MAKI Scientific Workshop

Daniel Quevedo

QUT – Queensland University of Technology, School of Electrical Engineering and Robotics

Title:

„Remote State Estimation with an Eavesdropper“

Abstract:

We study transmission scheduling for remote state estimation in the presence of an eavesdropper. A sensor transmits local state estimates over a packet dropping link to a remote estimator. At the same time, an eavesdropper can successfully overhear each sensor transmission with a certain probability. The objective is to determine at which instances the sensor should transmit, in order to minimize the estimation error covariance at the remote estimator, while trying to keep the eavesdropper error covariance above a certain level. This is done by solving an optimization problem that minimizes a linear combination of the expected estimation error covariance and the negative of the expected eavesdropper error covariance. Structural results on the optimal transmission policy are presented, and shown to exhibit thresholding behaviour in the estimation error covariances. In the infinite horizon situation, it is shown that with unstable systems one can keep the expected estimation error covariance bounded while the expected eavesdropper error covariance becomes unbounded.

Bio:

Daniel Quevedo received Ingeniero Civil Electrónico and M.Sc. degrees from Universidad Técnica Federico Santa María, Valparaíso, Chile, in 2000, and in 2005 the Ph.D. degree from the University of Newcastle, Australia. He is Professor of Cyberphysical Systems at the School of Electrical Engineering and Robotics, Queensland University of Technology (QUT), in Australia. Before joining QUT, he established and led the Chair in Automatic Control at Paderborn University, Germany.
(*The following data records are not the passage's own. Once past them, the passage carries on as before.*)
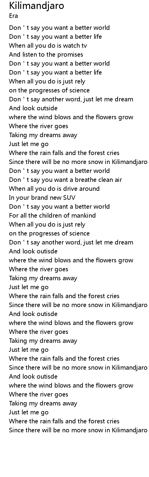 | [02:42.500] | Since there will be no more snow in Kilimandjaro |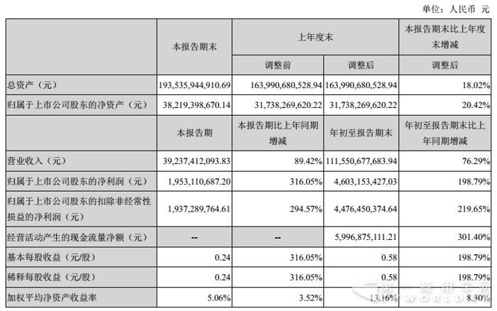 2017年10月31日,潍柴动力股份有限公司(以下简称“潍柴动力”)公布其2017年第三季度报告。报告显示,潍柴动力在第三季度(2017年7月1日至2017年9月30日)实现营业收入392.37亿元,较上年同期增长89.42%,第三季度归属于上市公司股东的净利润达到19.53亿元,较去年同期大幅增长316.05%。至此,潍柴动力前三季度(2017年1月1日至2017年9月30日)营业收入累计达到1115.51亿元,同比增长76.29%;前三季度归属于上市公司股东的净利润为46.03亿元,同比增长198.79%。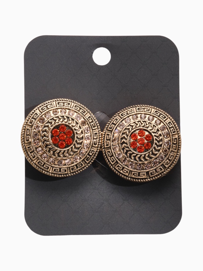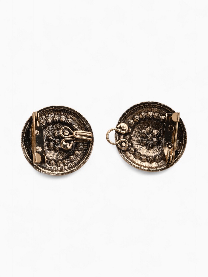 Зажим для кардигана «Круг» в орнаментах, цвет золото в чернёном золоте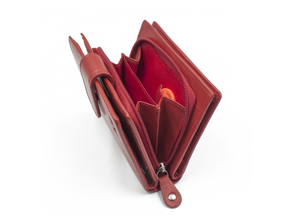 Dámská kožená peněženka velmi praktického provedení červené barvy. Je vyrobena z kvalitní měkké kůže, která je příjemná do ruky. Svými rozměry nezabere v kabelce mnoho místa, přesto disponuje dostatečným úložným prostorem pro platební karty a pojme i dva větší doklady (např. TP). Přihrádka na mince je na zip, uvnitř kapsička na žeton do nákupního vozíku. Velmi precizní zpracování z prvotřídní kůže ocení každý.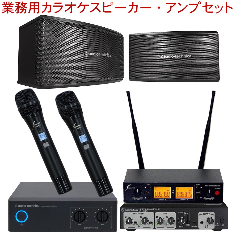 audio-technicaの業務用カラオケスピーカー・アンプ・ミキサーセット業務用スペックの赤外線ワイヤレスマイク2本付き【セット内容】audio-technicaスピーカー×2/audio-technica デジタルパワーアンプ×1/スピーカーケーブル10m×2/audio-technica マイクミキサー×1/接続用ケーブル/赤外線ワイヤレスマイク×2/ワイヤレス受信機/赤外線受光器/マイク充電スタンド【ご確認ください】※本セットではマイクの音をスピーカーから出力できる機器の構成です。カラオケをする為には別途カラオケ機やCDプレイヤー、カラオケアプリを搭載したスマートフォンやゲーム機等が必要となります。※製品の仕様及びデザインは改良のため予告なく変更することがあります。※こちらの商品は店頭及び他のショッピングサイトでも販売を致しております。タイミングによっては売り切れの場合がございます。ご注文時に売り切れの場合は、お取り寄せにお時間を頂くこととなります。予めご了承下さい。爆買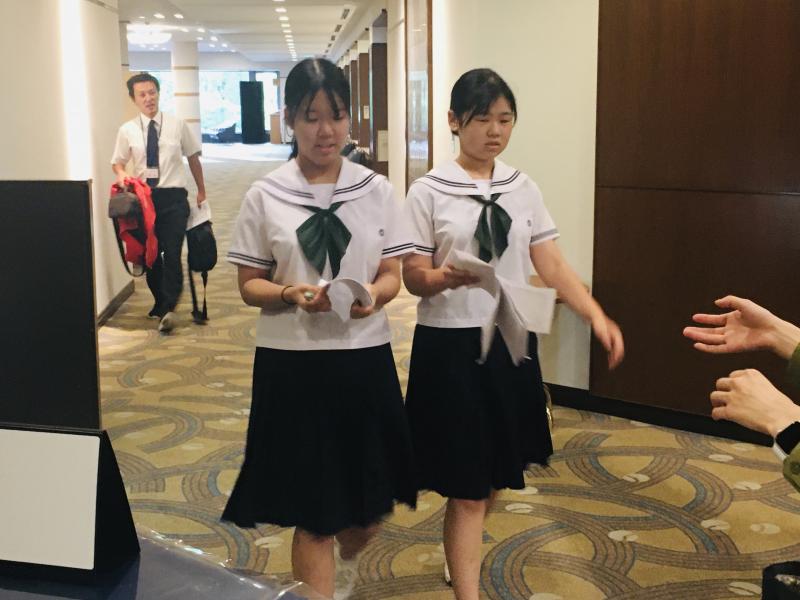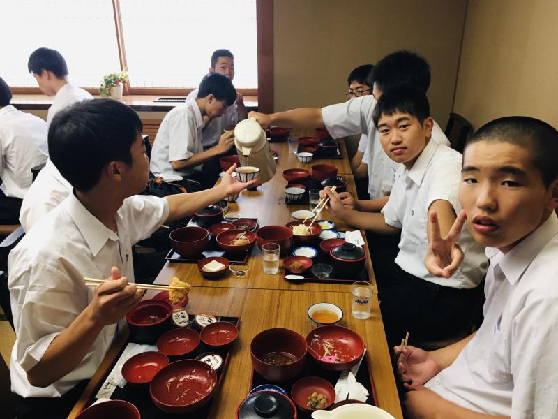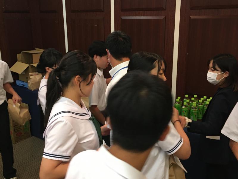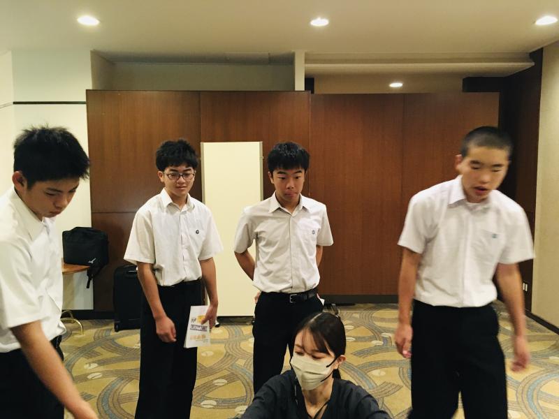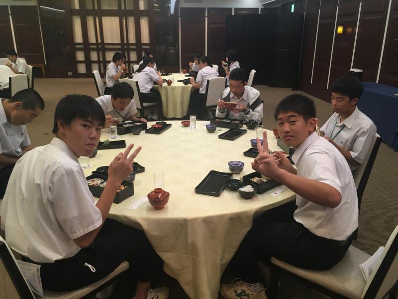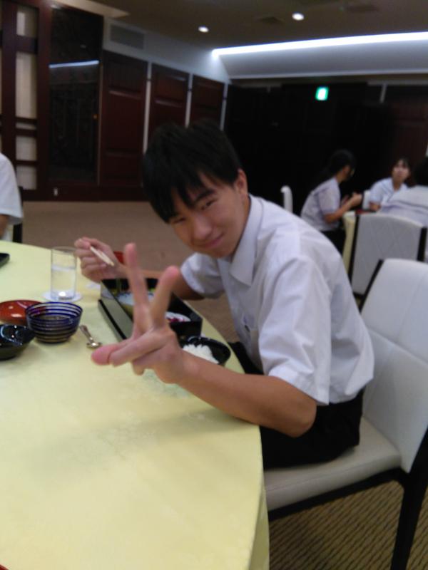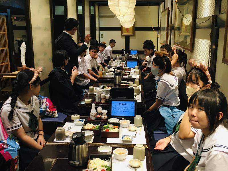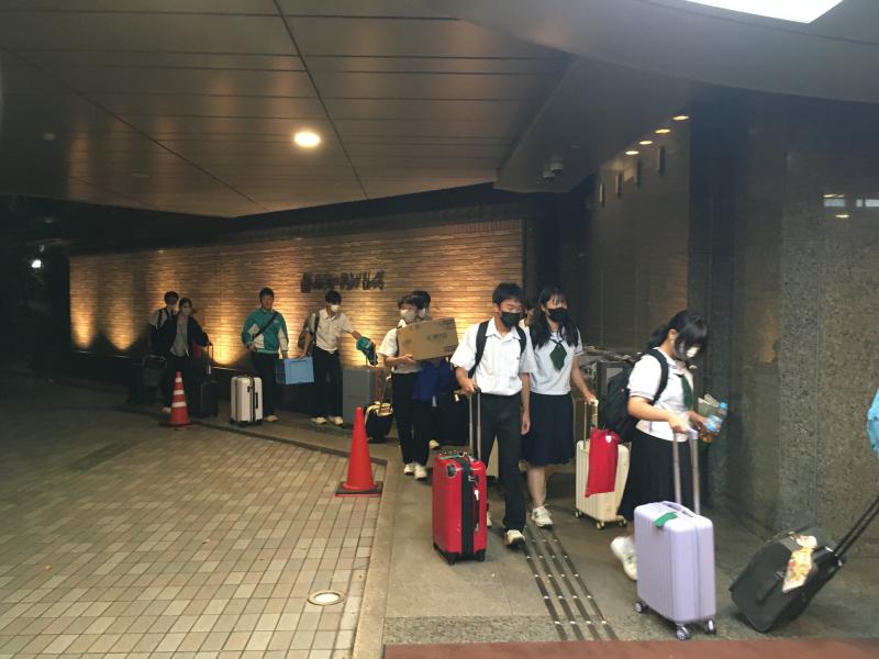 修学旅行初日も無事終了しました。コインランドリーからの洗濯物を配って就寝です。写真はマナーをご指導いただいた笠原さんへのご挨拶と、夕食後おやつ袋とお茶をもらって食事会場を出る様子です。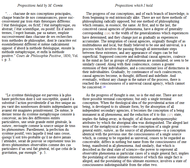 From the principles which M. Comte held in common with many preceding and contemporary thinkers, let us pass now to the principles that are distinctive of his system. Just as entirely as I agree with M. Comte on those cardinal doctrines which we jointly inherit; so entirely do I disagree with him on those cardinal doctrines which he propounds, and which determine the organization of his philosophy. The best way of showing this will be to compare, side by side, the —

Prof. Quevedo's research interests are in networked control systems, cyberphysical systems security and control of power converters. He currently serves as Associate Editor for IEEE Control Systems and in the Editorial Board of the International Journal of Robust and Nonlinear Control. From 2015 to 2018 he was Chair of the IEEE Control Systems Society Technical Committee on Networks & Communication Systems. In 2003 he received the IEEE Conference on Decision and Control Best Student Paper Award and was also a finalist in 2002. Prof. Quevedo is co-recipient of the 2018 IEEE Transactions on Automatic Control George S. Axelby Outstanding Paper Award. He is a Fellow of the IEEE.